Aim of the exercise: Leave out every picture and set down, exactly, the lines below from the one holding "这尊铜炉造型精巧,莲瓣纹与镂" up to and including the one holding "H. Geest (serie): fructus".

Provided data:
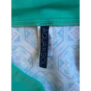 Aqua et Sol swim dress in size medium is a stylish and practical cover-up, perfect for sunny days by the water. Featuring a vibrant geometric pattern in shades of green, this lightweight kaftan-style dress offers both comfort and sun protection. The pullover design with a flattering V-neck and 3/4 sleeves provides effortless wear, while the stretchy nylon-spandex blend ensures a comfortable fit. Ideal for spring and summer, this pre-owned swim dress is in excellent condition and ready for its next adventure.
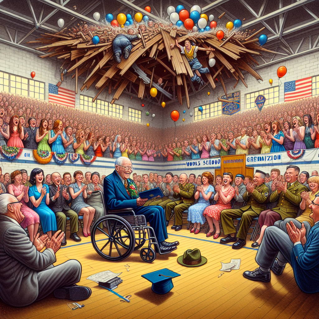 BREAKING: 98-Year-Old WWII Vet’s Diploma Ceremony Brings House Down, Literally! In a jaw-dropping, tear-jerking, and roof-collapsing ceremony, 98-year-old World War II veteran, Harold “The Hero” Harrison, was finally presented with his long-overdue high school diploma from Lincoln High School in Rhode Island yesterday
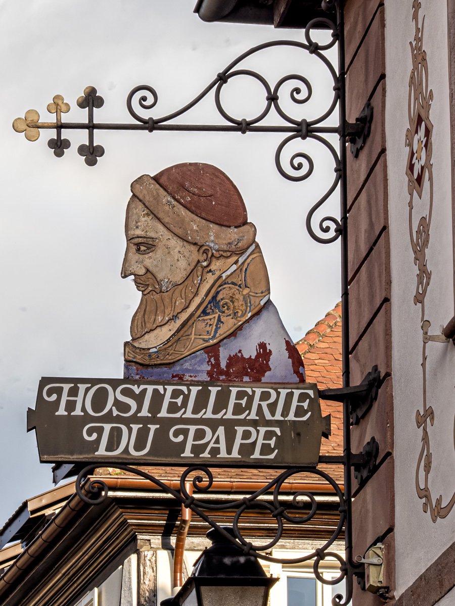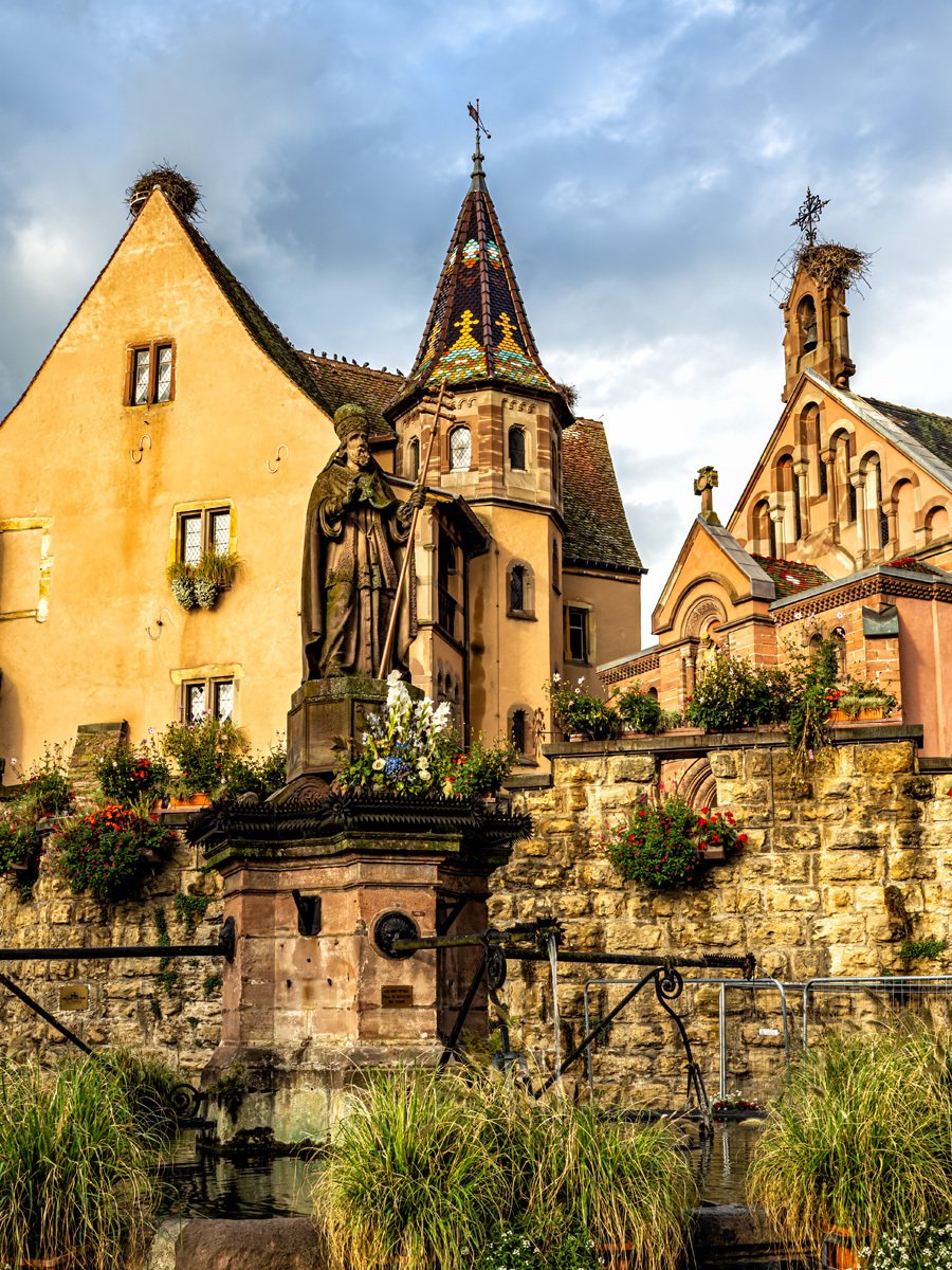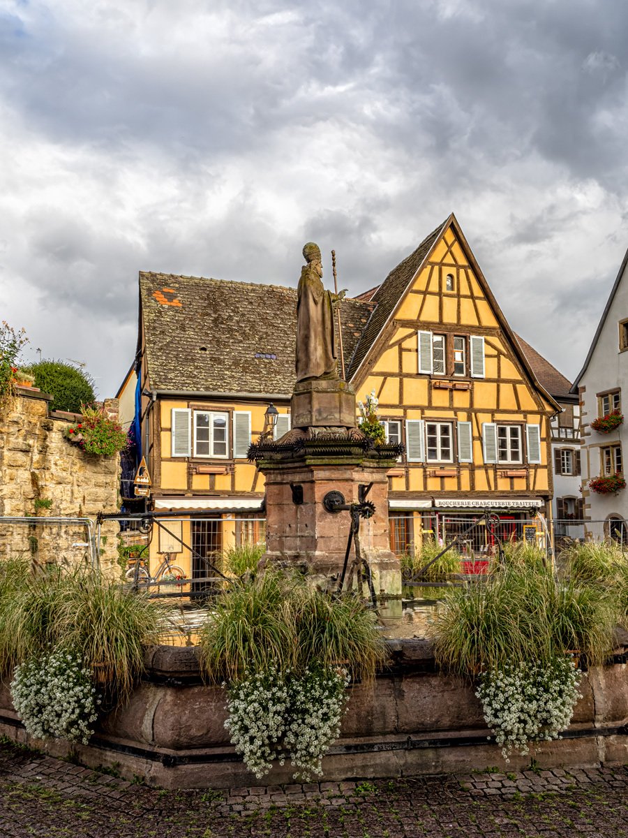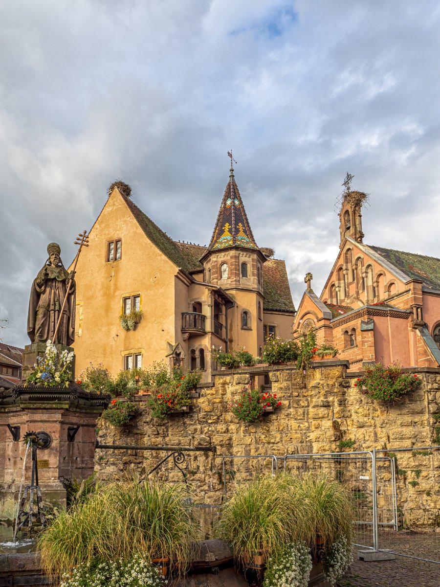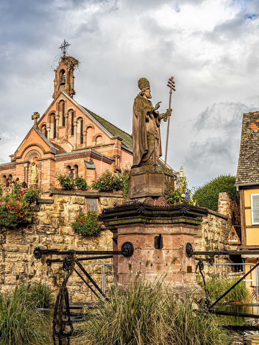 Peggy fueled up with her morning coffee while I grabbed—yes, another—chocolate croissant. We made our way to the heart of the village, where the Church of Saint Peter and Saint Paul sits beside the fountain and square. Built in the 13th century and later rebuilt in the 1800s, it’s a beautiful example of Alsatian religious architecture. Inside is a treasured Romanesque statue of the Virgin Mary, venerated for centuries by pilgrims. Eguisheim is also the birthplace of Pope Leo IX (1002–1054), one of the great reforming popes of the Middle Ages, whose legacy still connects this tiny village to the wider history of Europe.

* * *

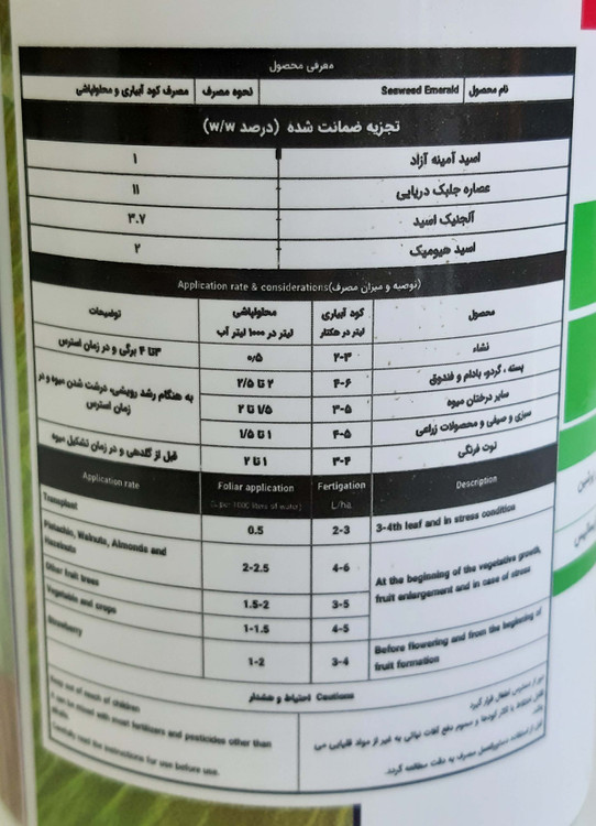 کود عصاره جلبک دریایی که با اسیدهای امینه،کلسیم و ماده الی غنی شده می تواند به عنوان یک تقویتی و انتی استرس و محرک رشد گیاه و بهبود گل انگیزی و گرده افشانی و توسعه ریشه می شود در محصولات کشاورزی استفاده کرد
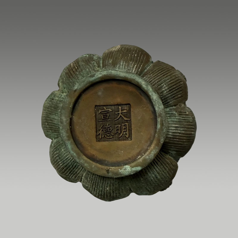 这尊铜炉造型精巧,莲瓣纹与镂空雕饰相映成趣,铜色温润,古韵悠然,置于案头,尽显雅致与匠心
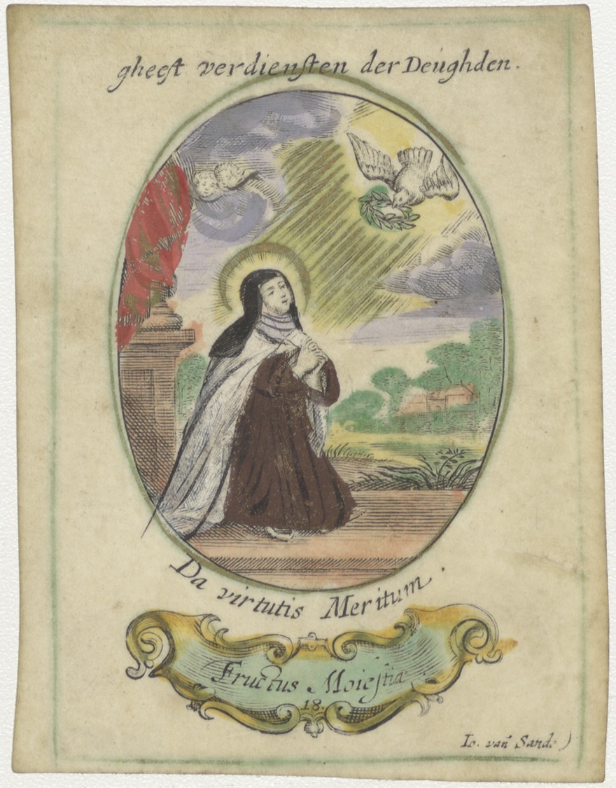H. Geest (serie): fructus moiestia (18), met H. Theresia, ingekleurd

--

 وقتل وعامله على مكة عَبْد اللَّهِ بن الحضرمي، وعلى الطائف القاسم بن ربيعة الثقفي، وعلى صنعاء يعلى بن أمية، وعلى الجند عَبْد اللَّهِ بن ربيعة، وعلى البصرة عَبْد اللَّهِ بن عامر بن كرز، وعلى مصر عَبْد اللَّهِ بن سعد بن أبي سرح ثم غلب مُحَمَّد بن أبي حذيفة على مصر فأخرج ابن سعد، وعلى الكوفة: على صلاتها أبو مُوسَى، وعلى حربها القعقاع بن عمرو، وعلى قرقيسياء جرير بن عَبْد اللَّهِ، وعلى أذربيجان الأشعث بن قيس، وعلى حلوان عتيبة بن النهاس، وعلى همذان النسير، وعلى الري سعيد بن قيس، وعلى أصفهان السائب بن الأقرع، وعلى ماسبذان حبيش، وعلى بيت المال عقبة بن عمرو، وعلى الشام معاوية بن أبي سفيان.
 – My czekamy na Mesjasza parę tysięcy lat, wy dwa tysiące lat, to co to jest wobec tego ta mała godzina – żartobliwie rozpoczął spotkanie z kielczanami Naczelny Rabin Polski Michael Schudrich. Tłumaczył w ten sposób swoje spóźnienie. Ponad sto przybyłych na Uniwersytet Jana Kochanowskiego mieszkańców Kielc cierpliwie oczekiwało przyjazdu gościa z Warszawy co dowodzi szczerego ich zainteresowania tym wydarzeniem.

Finished exercise:
 这尊铜炉造型精巧,莲瓣纹与镂空雕饰相映成趣,铜色温润,古韵悠然,置于案头,尽显雅致与匠心
H. Geest (serie): fructus moiestia (18), met H. Theresia, ingekleurd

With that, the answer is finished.